**DATA SEGMENT**

***

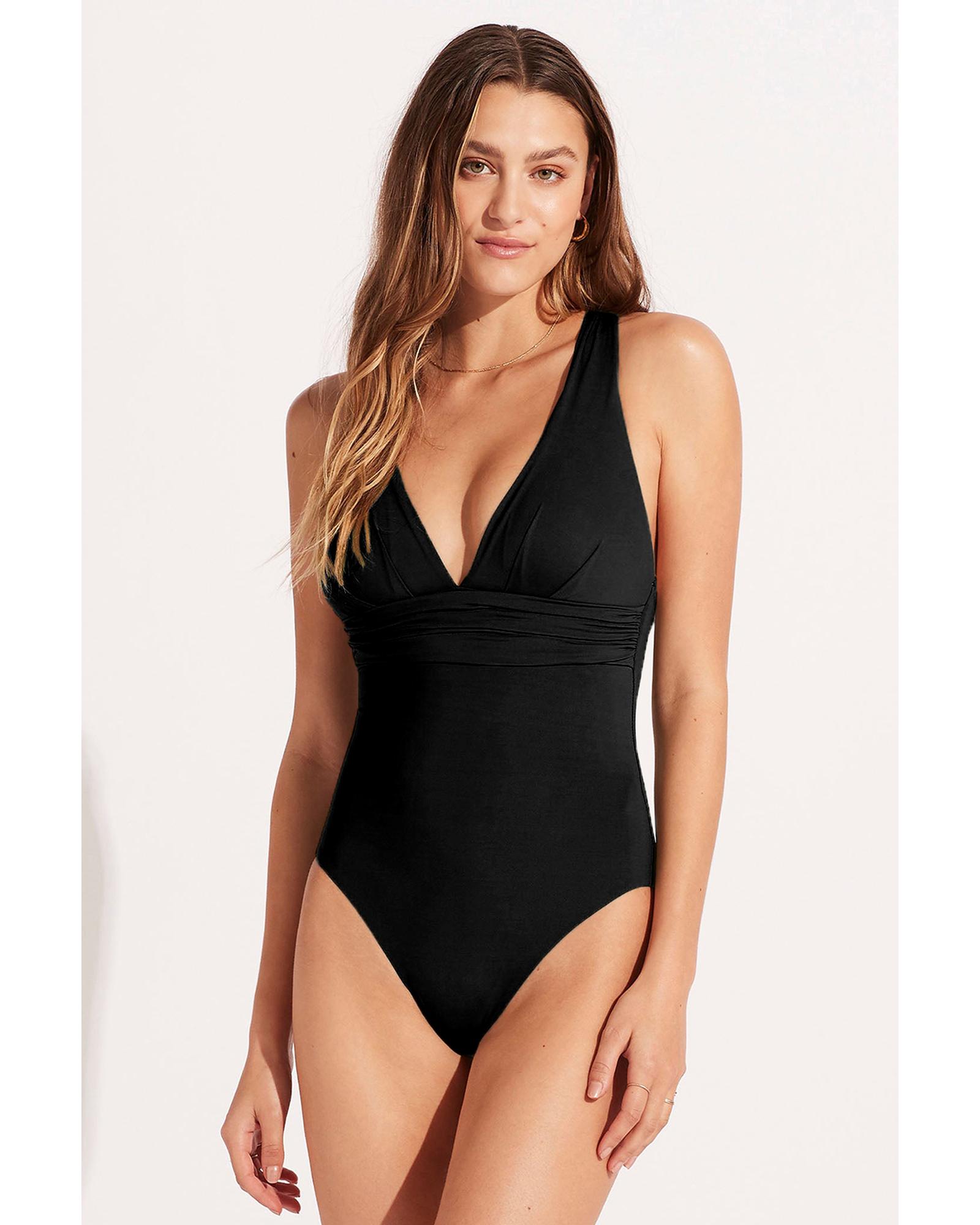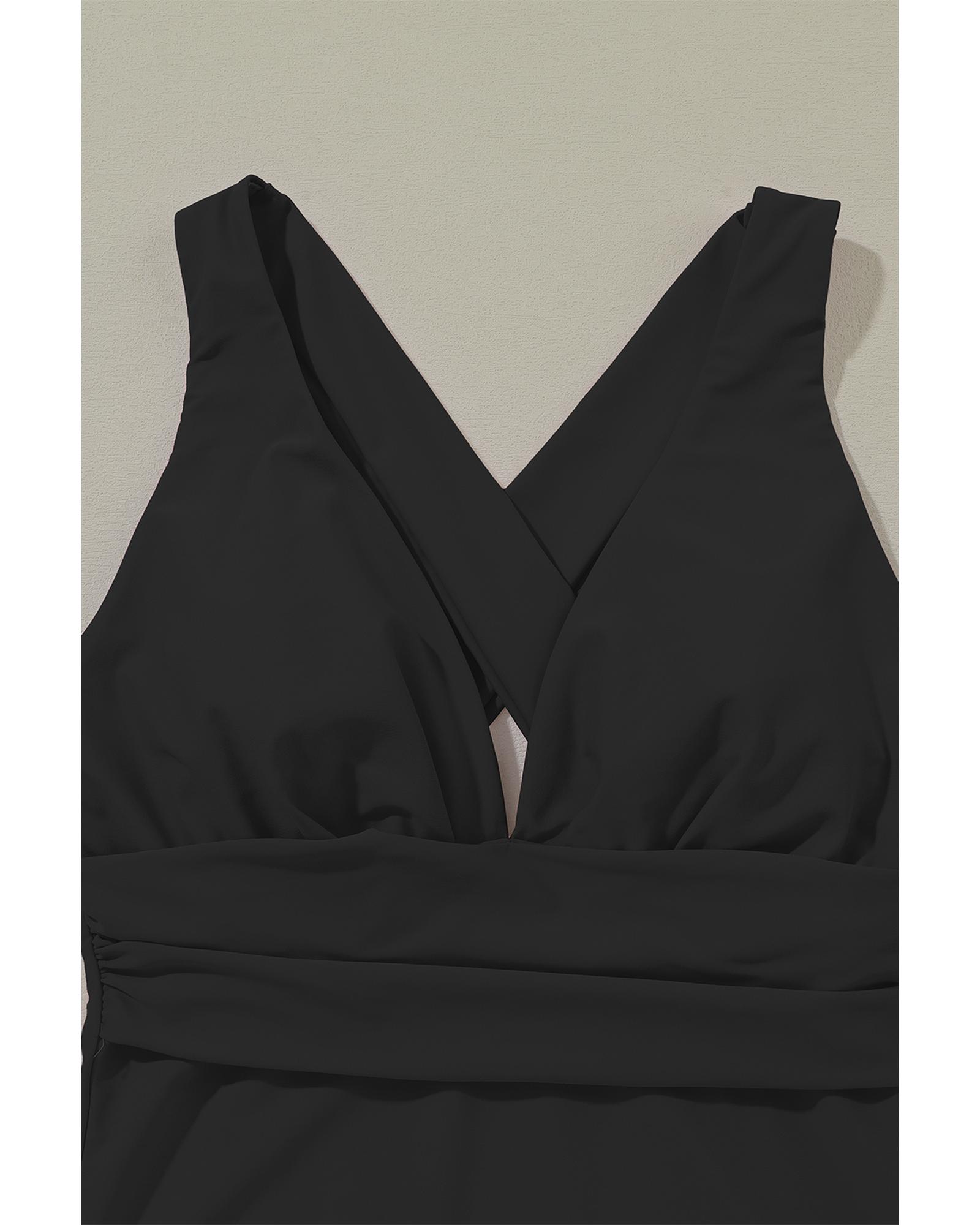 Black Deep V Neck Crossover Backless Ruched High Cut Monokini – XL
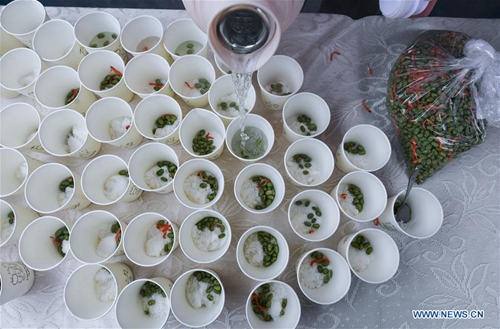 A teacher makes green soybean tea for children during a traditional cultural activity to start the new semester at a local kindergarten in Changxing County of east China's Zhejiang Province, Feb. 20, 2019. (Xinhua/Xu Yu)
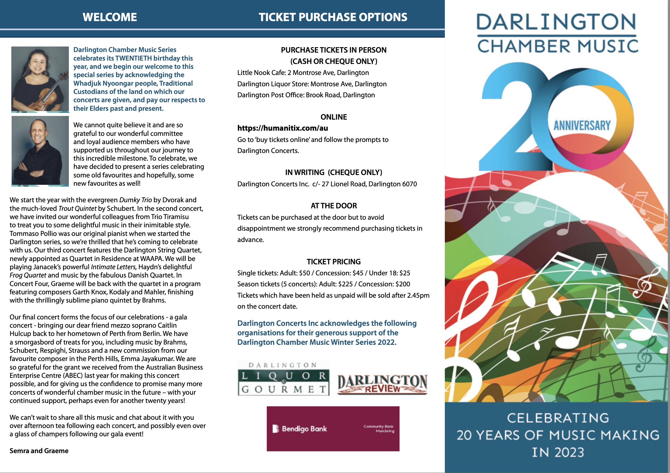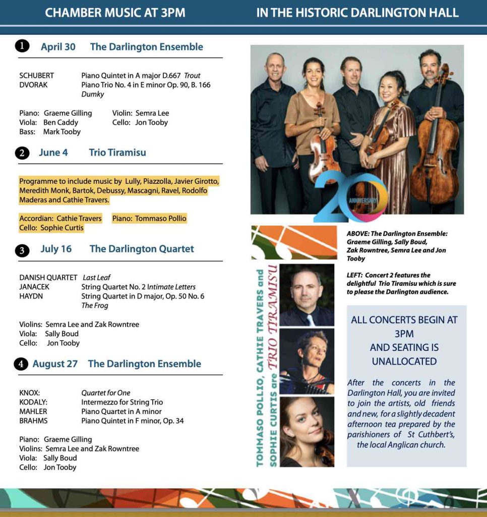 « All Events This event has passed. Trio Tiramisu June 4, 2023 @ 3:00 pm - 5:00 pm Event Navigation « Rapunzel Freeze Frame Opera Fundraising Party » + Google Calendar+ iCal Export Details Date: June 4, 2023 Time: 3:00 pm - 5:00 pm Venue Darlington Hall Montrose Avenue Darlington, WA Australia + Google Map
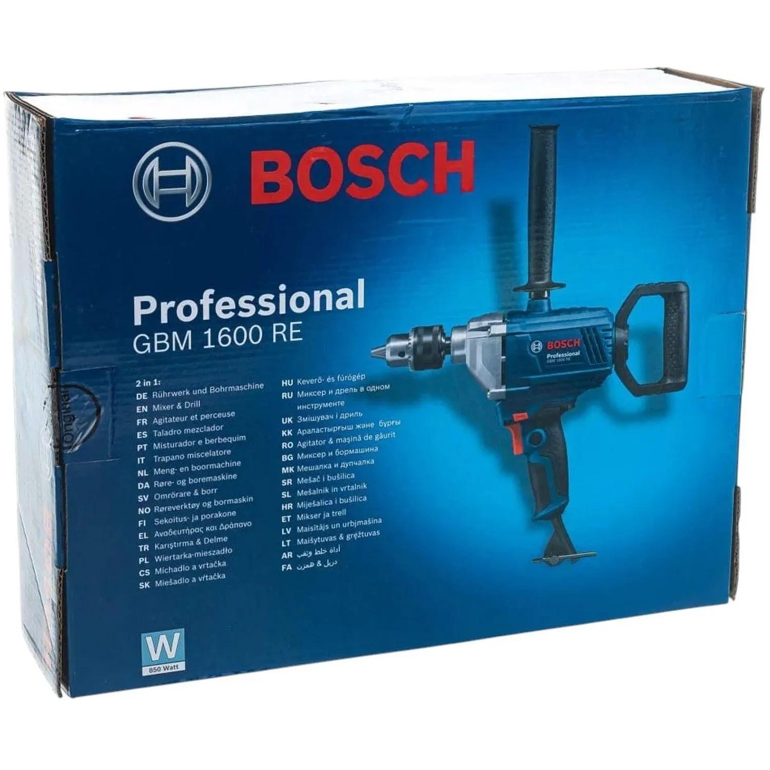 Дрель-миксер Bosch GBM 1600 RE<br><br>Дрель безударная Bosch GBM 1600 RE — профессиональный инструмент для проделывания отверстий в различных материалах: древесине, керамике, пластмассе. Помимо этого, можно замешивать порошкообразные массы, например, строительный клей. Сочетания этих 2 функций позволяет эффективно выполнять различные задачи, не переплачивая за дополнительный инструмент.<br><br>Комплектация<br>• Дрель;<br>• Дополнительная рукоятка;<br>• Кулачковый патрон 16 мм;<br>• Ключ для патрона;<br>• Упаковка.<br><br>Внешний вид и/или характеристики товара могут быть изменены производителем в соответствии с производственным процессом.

***

**EXERCISE PROMPT**
The lines above must be transcribed exactly, with every picture left out.

**TASK OUTPUT**
 Black Deep V Neck Crossover Backless Ruched High Cut Monokini – XL
 A teacher makes green soybean tea for children during a traditional cultural activity to start the new semester at a local kindergarten in Changxing County of east China's Zhejiang Province, Feb. 20, 2019. (Xinhua/Xu Yu)
 « All Events This event has passed. Trio Tiramisu June 4, 2023 @ 3:00 pm - 5:00 pm Event Navigation « Rapunzel Freeze Frame Opera Fundraising Party » + Google Calendar+ iCal Export Details Date: June 4, 2023 Time: 3:00 pm - 5:00 pm Venue Darlington Hall Montrose Avenue Darlington, WA Australia + Google Map
 Дрель-миксер Bosch GBM 1600 RE<br><br>Дрель безударная Bosch GBM 1600 RE — профессиональный инструмент для проделывания отверстий в различных материалах: древесине, керамике, пластмассе. Помимо этого, можно замешивать порошкообразные массы, например, строительный клей. Сочетания этих 2 функций позволяет эффективно выполнять различные задачи, не переплачивая за дополнительный инструмент.<br><br>Комплектация<br>• Дрель;<br>• Дополнительная рукоятка;<br>• Кулачковый патрон 16 мм;<br>• Ключ для патрона;<br>• Упаковка.<br><br>Внешний вид и/или характеристики товара могут быть изменены производителем в соответствии с производственным процессом.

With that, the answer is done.